• Instructions for the task: Retype, exactly as they appear below, the lines between the line holding "La Fiscalía General" and the line holding "マイメロディ&ちいかわ - 綿100%", both ends included.

• Records shown:
★ ★ ★ ★ ★
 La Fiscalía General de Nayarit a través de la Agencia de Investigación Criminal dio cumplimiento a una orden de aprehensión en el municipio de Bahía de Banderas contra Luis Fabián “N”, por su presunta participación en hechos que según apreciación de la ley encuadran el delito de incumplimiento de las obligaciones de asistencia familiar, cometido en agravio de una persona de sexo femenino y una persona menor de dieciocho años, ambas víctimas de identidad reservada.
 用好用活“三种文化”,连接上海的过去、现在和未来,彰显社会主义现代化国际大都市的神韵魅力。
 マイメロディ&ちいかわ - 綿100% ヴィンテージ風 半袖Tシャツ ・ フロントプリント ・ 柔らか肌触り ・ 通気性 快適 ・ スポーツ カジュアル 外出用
★ ★ ★ ★ ★
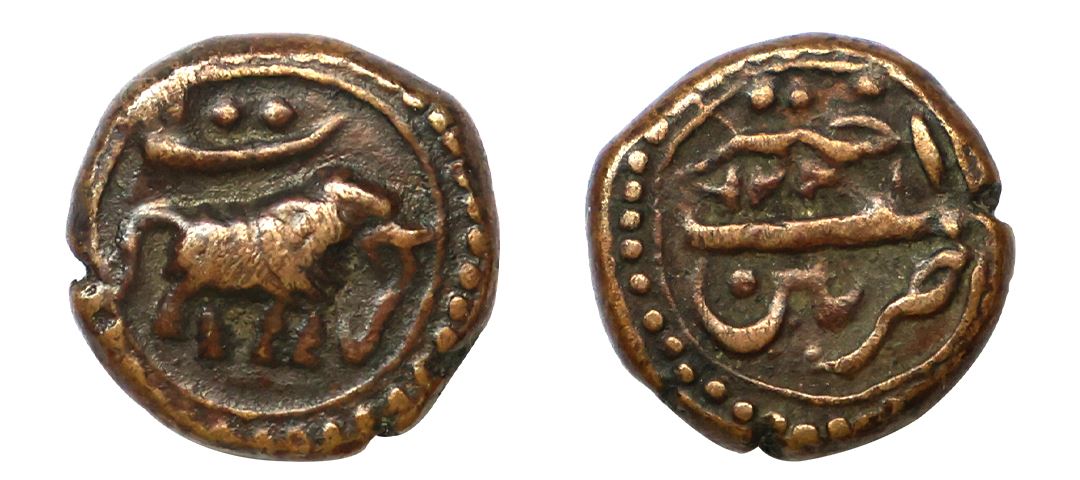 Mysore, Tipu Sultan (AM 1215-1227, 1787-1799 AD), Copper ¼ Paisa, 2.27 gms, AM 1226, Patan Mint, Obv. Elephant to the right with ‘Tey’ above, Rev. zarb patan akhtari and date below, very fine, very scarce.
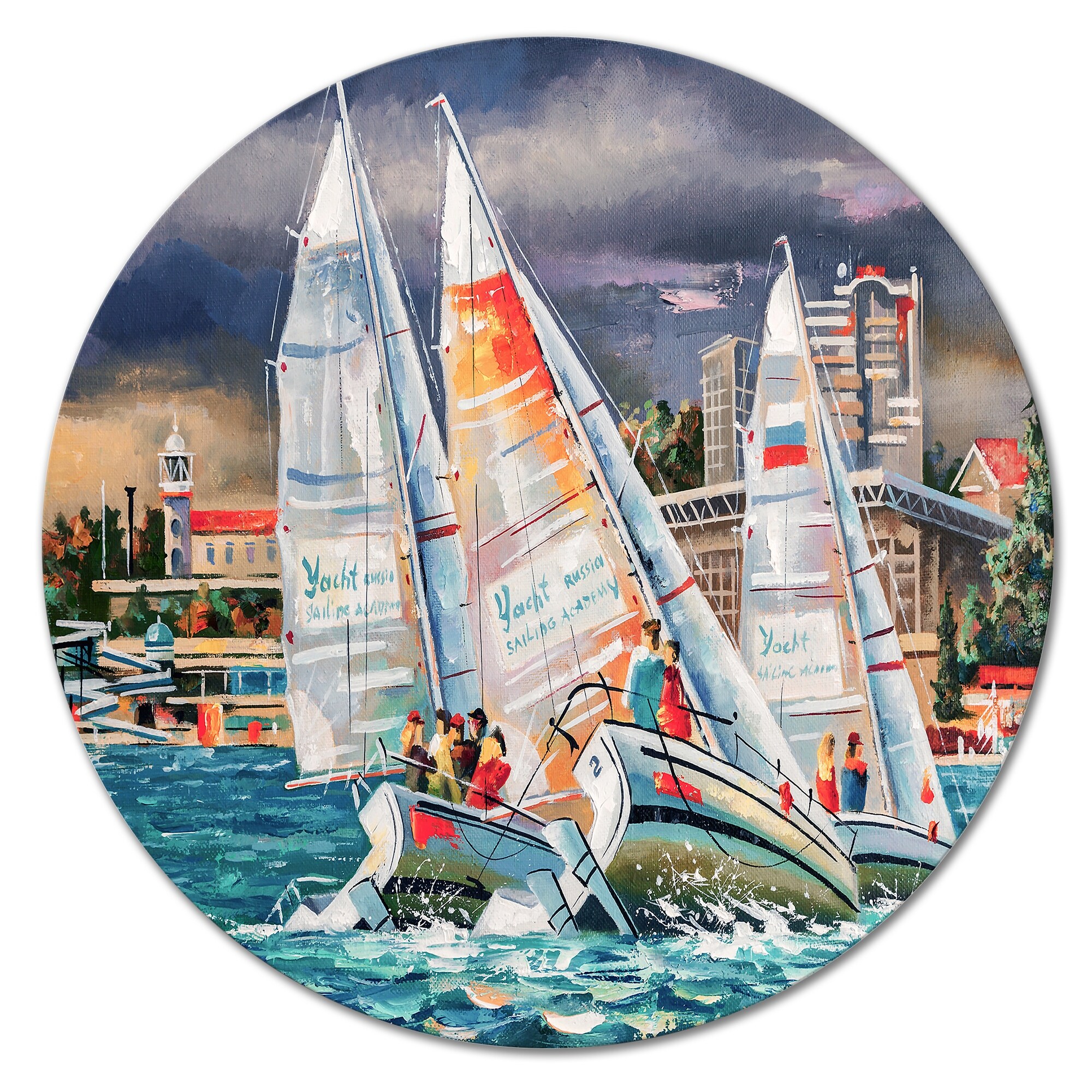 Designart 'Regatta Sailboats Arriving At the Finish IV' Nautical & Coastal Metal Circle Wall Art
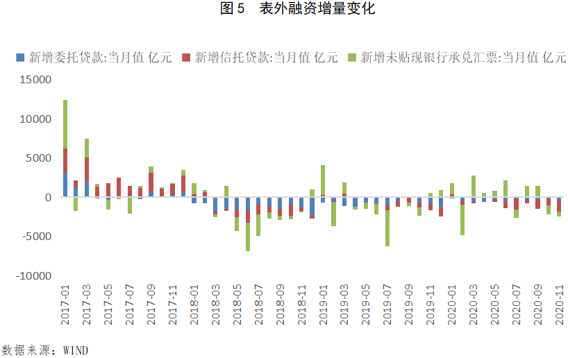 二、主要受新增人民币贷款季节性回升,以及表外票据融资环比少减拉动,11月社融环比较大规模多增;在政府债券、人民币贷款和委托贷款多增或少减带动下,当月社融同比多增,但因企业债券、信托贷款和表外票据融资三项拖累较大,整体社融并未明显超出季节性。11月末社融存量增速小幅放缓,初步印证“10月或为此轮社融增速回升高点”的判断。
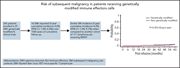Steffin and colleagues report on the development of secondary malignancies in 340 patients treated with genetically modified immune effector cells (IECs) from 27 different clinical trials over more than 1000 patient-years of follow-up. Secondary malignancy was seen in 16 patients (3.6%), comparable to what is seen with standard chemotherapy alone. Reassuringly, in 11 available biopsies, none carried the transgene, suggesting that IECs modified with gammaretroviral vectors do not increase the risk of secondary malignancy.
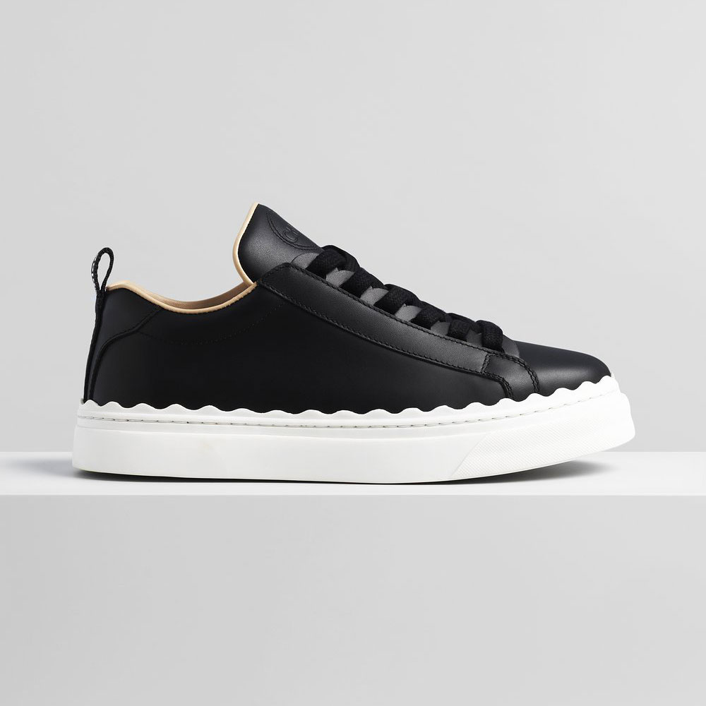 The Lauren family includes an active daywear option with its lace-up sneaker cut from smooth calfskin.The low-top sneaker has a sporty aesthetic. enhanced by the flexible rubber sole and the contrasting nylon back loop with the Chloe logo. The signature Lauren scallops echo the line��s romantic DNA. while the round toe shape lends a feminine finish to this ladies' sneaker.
★ ★ ★ ★ ★
• Your solution:
 La Fiscalía General de Nayarit a través de la Agencia de Investigación Criminal dio cumplimiento a una orden de aprehensión en el municipio de Bahía de Banderas contra Luis Fabián “N”, por su presunta participación en hechos que según apreciación de la ley encuadran el delito de incumplimiento de las obligaciones de asistencia familiar, cometido en agravio de una persona de sexo femenino y una persona menor de dieciocho años, ambas víctimas de identidad reservada.
 用好用活“三种文化”,连接上海的过去、现在和未来,彰显社会主义现代化国际大都市的神韵魅力。
 マイメロディ&ちいかわ - 綿100% ヴィンテージ風 半袖Tシャツ ・ フロントプリント ・ 柔らか肌触り ・ 通気性 快適 ・ スポーツ カジュアル 外出用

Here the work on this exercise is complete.